While I don't know much about the internals of SQLite's code, a phrase from that post "returns a handle with two attached database connections" feels like the sort of thing that would be easy to "get wrong": thinking purely off the top of my head, I can imagine that there might be things that happen later in the official sqlite3_open_v2() code that mean trying to do the equivalent of ATTACH at the point you're doing so means it's never going to work (internal structures haven't been initialised properly, that sort of thing).

Again thinking in a generic-debugger manner, I'd try working though things in stages. Start with a small change to sqlite3_open_v2(): perhaps instead of opening the passed-in database file, always open "test.db", or open "mydb-test.db" when "mydb.db" was passed-in. If that works, try something a little more involved.

If you get to this stage, you probably need someone who does know the innards of SQLite and you probably need to show examples of the changes you're trying to make...

(4) By Keith Medcalf (kmedcalf) on 2021-01-14 14:19:59 in reply to 1 [link] [source]
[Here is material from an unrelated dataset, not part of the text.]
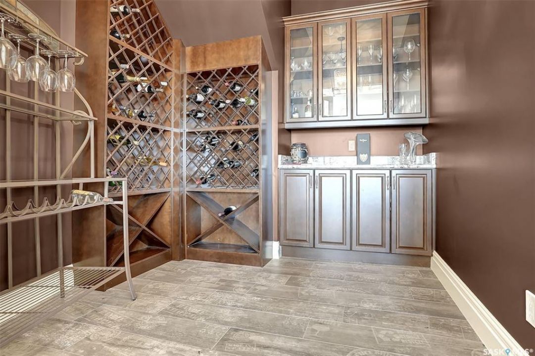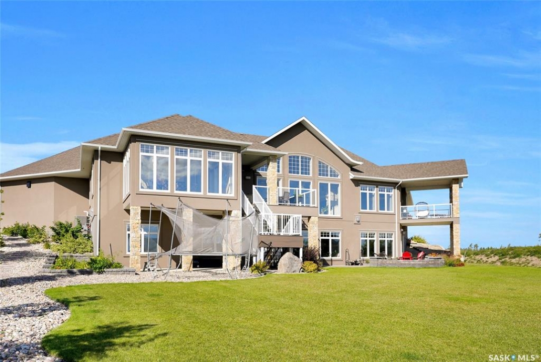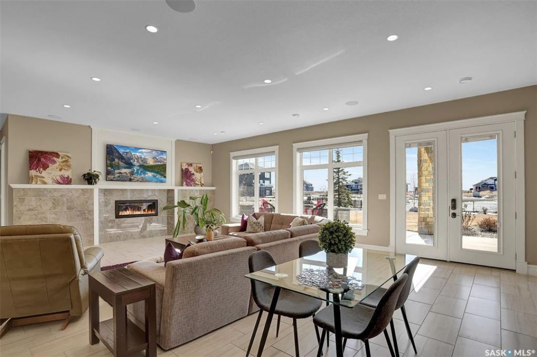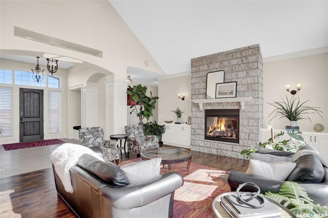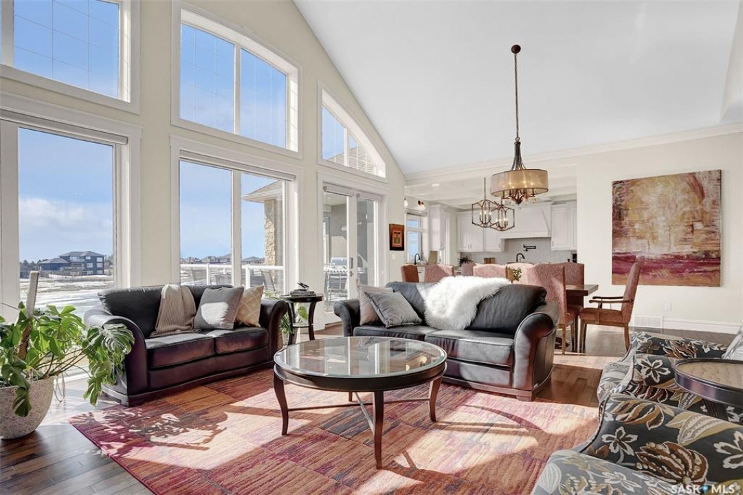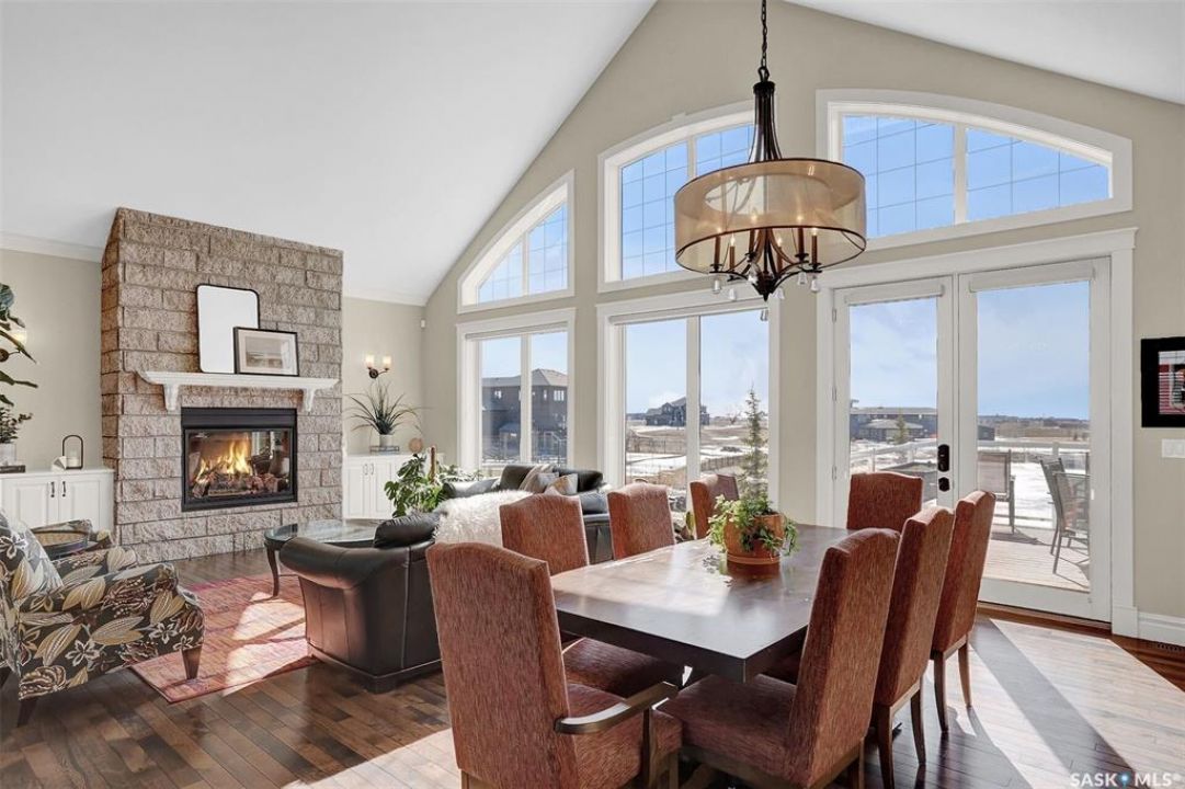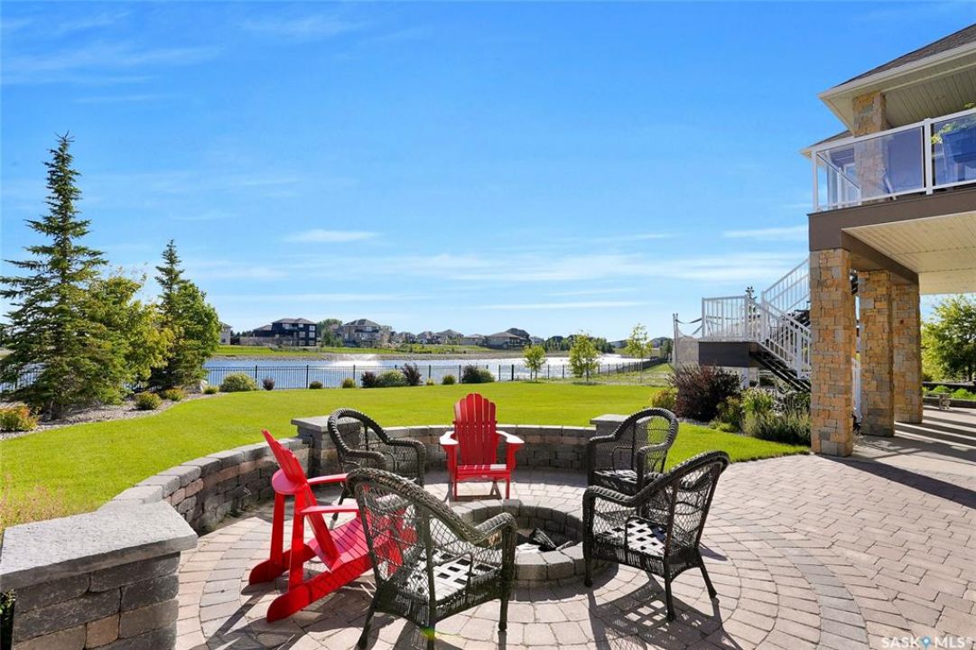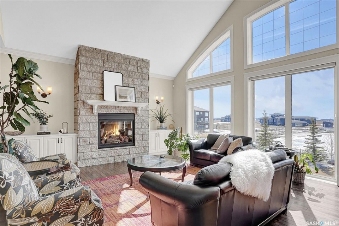 This extraordinary custom built walkout bungalow in Spruce Creek Estates has 6,096 sq' of living space, including a 2,926 sq' walkout basement & 244 sq' 3-season sunroom. The grand foyer features herringbone pattern tile and leads to the great room with 19' vaulted ceiling, Tyndall stone gas fireplace and huge southwest-facing windows that showcase stunning views of the professionally landscaped yard and community lake. Hickory hardwoods lead into the dream kitchen with a coffered ceiling, loads of cabinetry, quartz countertops, and a sit-around island with prep sink. Home chefs will adore the Wolf dual fuel 6 burner range and steam oven, Sub-Zero fridge and freezer drawers, 2 Bosch dishwashers, pot filler, & huge walk-in pantry. The sunroom is perfect for relaxing and is connected to the covered deck. The master suite is a private getaway with a separate covered deck, lake view and a spa-like ensuite. The walk-in closet features an island and is conveniently located next to the laundry room. Completing the main level are 2 more bedrooms, a 4-piece bath, a � bath (all baths with in-floor heat), a large mudroom with custom lockers and a music room. The walkout level is bright with continuation of the 10' ceilings from upstairs, large windows, in-floor heat, and a gas fireplace. Watch a game while enjoying the walk-up wet bar and beautiful wine room. You'll enjoy doing work in the office with built-in cabinetry and more lake views. When your gym workout is done you can exit directly to the covered patio with space for a future hot tub. Two large bedrooms, a 4-piece bath, play room, and more complete this amazing walkout level. Garage enthusiasts will love the two 28x32' garages with large overhead doors perfect for boat/RV storage, in-floor heat, hot & cold water, and drain pits to the outside. Also featured throughout the home are Hunter Douglas blinds and Savant home automation. Your oasis awaits, and it's only 22 minutes from downtown Regina.

What does doing something to an "SQLITE DB" have to do with anything?

We also attach a database to the main db file that is opened.

SQLite3 does not do this. You can "ATTACH" a database file to a connection via the ATTACH SQL command. This does not attach a database to the main db -- it ATTACHes an additional database file to an existing connection.

You need to be more precise in your descriptions.

(5) By Willem (sn0wbl1nd) on 2021-01-14 23:59:44 in reply to 3 [link] [source]

Thanks for your considered answer. I appreciate it. I am just posting to follow up for completeness.

Yes, we did build the unmodified version first and that worked fine, confirming it is not our setup.

We created a C-style function that accepts a db name, opens it, attaches a "shared" database file, installs a preupdate callback, and returns the open sqlite3* to the user. Relatively standard and works like a charm. The reason we want this is because our code needs both the "local" and the "shared" db present, and this is the method we prefer.

Then we compiled sqlite into a custom library where our function masks/replaces the existing sqlite3_open() and sqlite3_open_v2() functions if the filename string starts with e.g. ourthing://. This works very well as well. (We happened to have done this using callbacks, but the above explains the intent.)

It stops working when we then involve the AAR and libsqliteX.so. Almost everything works except the attach step.

As was suggested: our current work-around is to skip the attach step before returning the open sqlite3*. We then use the java interface to attach the shared db, and it seems to work nicely.

If we do figure out why this happens I'll make sure to post an update here. Thanks for the constructive replies.